| SUPPLIED MATERIAL |
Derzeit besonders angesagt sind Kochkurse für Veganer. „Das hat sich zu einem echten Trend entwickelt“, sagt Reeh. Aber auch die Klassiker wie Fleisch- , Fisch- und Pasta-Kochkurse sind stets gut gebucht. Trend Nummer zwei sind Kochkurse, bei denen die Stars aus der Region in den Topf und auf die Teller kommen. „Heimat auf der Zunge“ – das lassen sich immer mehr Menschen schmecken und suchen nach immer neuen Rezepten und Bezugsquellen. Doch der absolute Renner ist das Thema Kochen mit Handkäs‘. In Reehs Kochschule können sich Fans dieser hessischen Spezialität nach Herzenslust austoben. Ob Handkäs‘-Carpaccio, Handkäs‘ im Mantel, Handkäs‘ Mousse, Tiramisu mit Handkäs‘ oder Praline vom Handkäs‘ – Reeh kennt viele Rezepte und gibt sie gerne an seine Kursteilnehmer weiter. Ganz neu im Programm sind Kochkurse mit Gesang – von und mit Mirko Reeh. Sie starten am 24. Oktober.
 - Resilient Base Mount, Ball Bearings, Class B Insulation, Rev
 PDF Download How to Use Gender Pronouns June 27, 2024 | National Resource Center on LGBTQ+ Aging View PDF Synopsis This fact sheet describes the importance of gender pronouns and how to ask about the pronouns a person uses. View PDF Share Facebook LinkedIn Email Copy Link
---
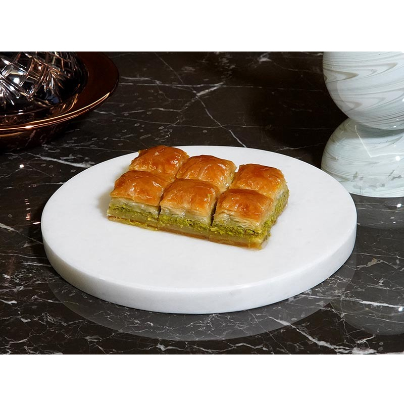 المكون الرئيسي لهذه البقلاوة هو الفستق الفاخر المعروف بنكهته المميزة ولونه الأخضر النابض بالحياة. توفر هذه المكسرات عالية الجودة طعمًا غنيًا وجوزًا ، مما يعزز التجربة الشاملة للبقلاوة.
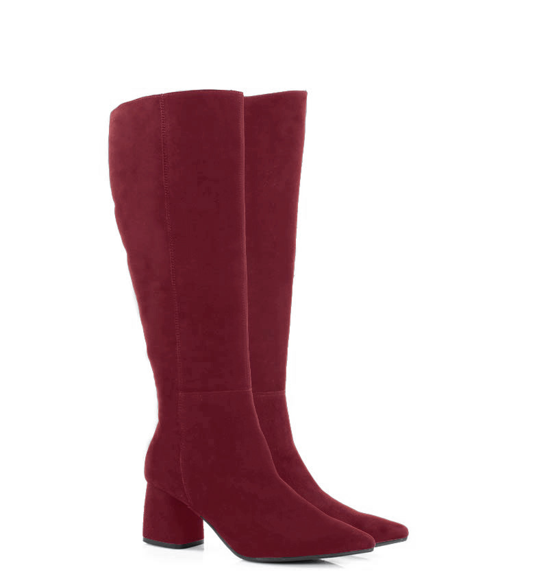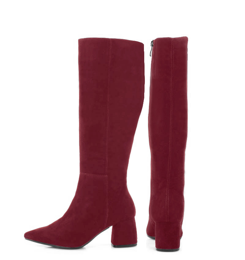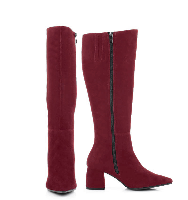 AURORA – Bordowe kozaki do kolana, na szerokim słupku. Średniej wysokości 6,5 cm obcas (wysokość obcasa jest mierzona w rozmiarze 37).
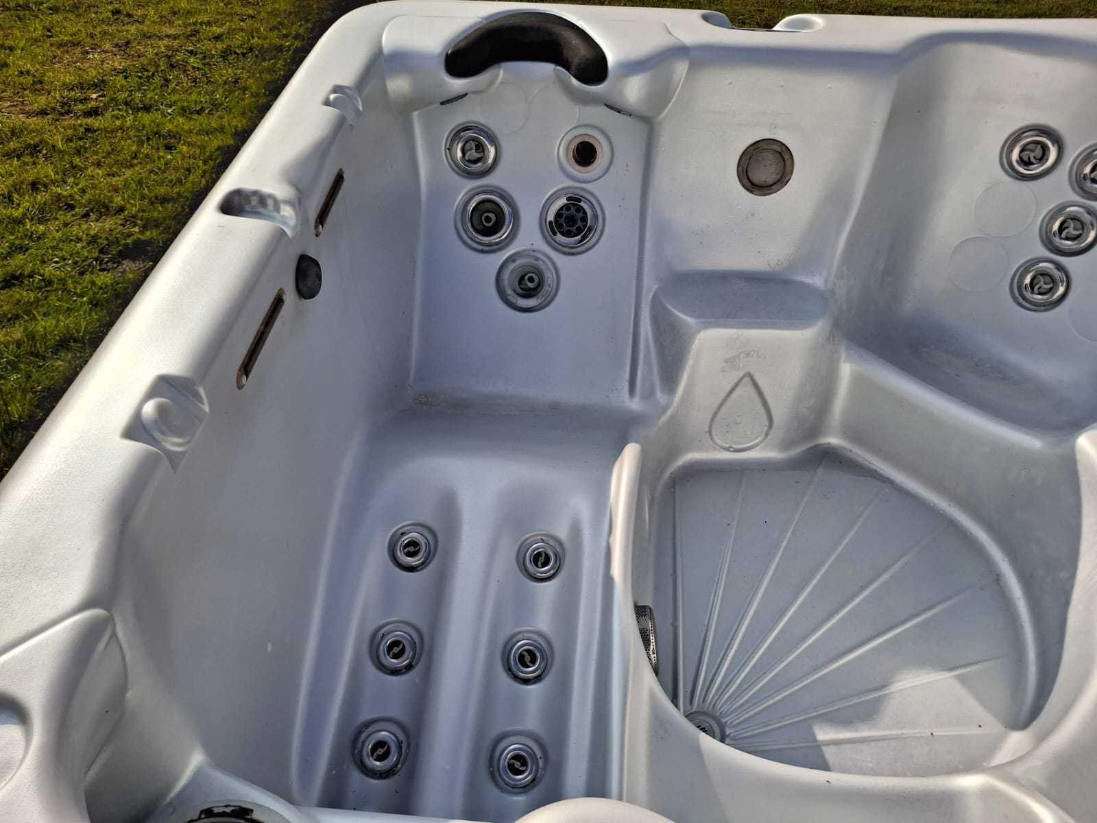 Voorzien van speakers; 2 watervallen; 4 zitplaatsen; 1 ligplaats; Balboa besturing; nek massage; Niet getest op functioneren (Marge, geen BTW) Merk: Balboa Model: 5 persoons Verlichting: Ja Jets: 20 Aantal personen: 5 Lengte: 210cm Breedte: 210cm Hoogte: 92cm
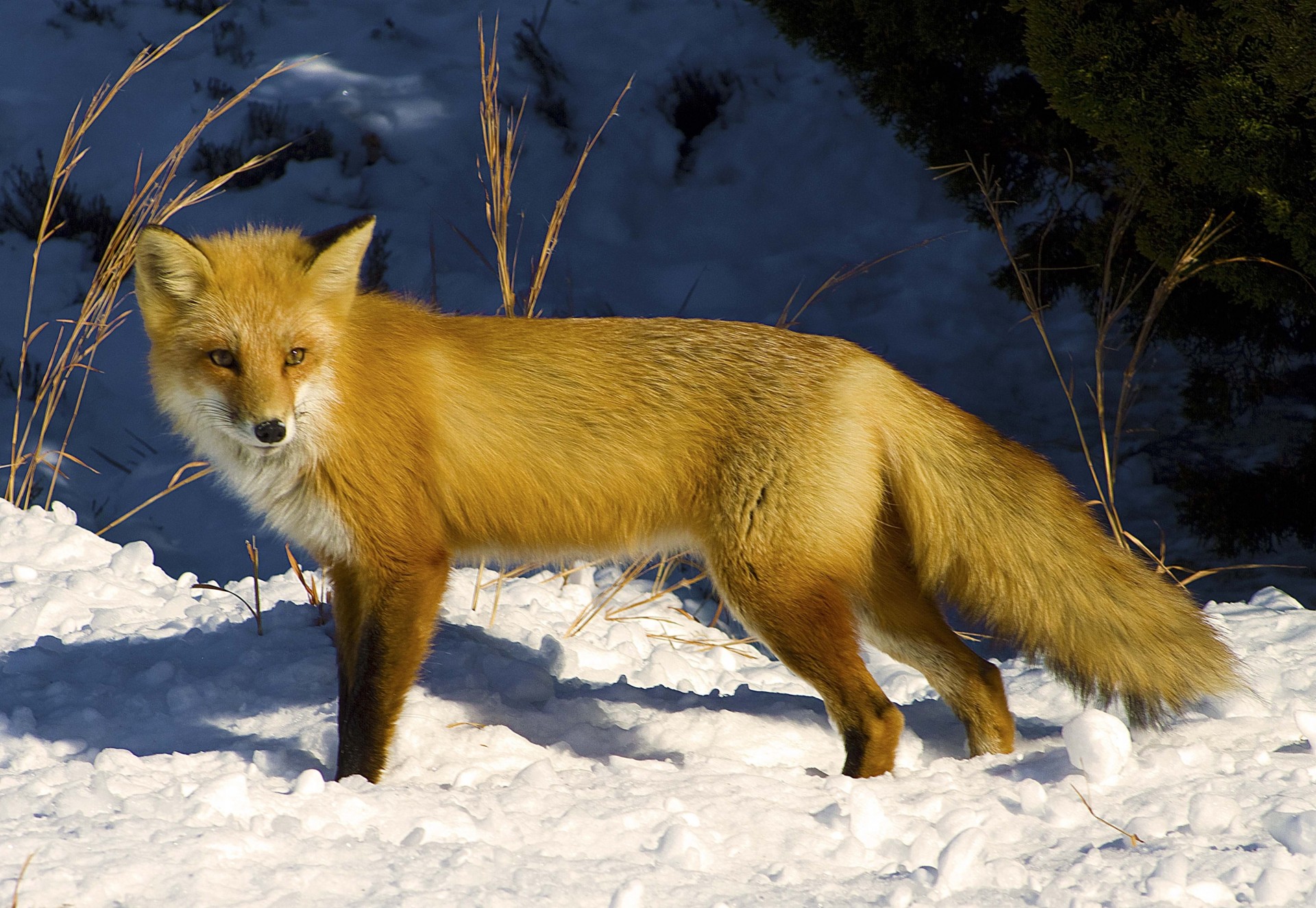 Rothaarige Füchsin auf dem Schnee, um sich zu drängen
==
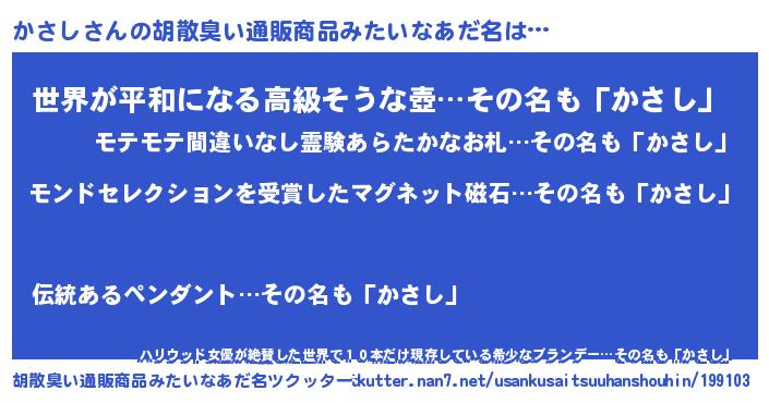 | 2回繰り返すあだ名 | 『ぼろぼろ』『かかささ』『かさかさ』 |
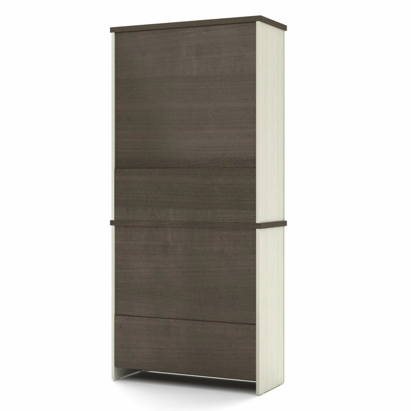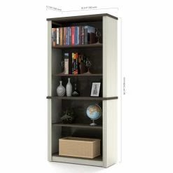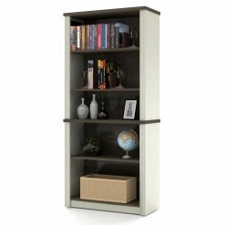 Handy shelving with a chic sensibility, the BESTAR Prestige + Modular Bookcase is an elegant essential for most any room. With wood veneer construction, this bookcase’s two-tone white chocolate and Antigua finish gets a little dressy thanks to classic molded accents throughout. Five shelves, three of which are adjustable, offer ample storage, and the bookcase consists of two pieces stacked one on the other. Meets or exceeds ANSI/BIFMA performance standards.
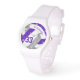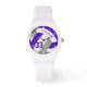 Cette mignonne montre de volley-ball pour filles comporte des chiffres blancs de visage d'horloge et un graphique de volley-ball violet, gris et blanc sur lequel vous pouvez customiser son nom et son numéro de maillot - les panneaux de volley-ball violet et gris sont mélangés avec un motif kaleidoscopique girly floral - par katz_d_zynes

| PROMPT |
Start with the line above containing "Voorzien van speakers;" and end with the line containing "Rothaarige Füchsin auf". Set down that stretch exactly, without any pictures.

| PROBLEM SOLUTION |
 Voorzien van speakers; 2 watervallen; 4 zitplaatsen; 1 ligplaats; Balboa besturing; nek massage; Niet getest op functioneren (Marge, geen BTW) Merk: Balboa Model: 5 persoons Verlichting: Ja Jets: 20 Aantal personen: 5 Lengte: 210cm Breedte: 210cm Hoogte: 92cm
 Rothaarige Füchsin auf dem Schnee, um sich zu drängen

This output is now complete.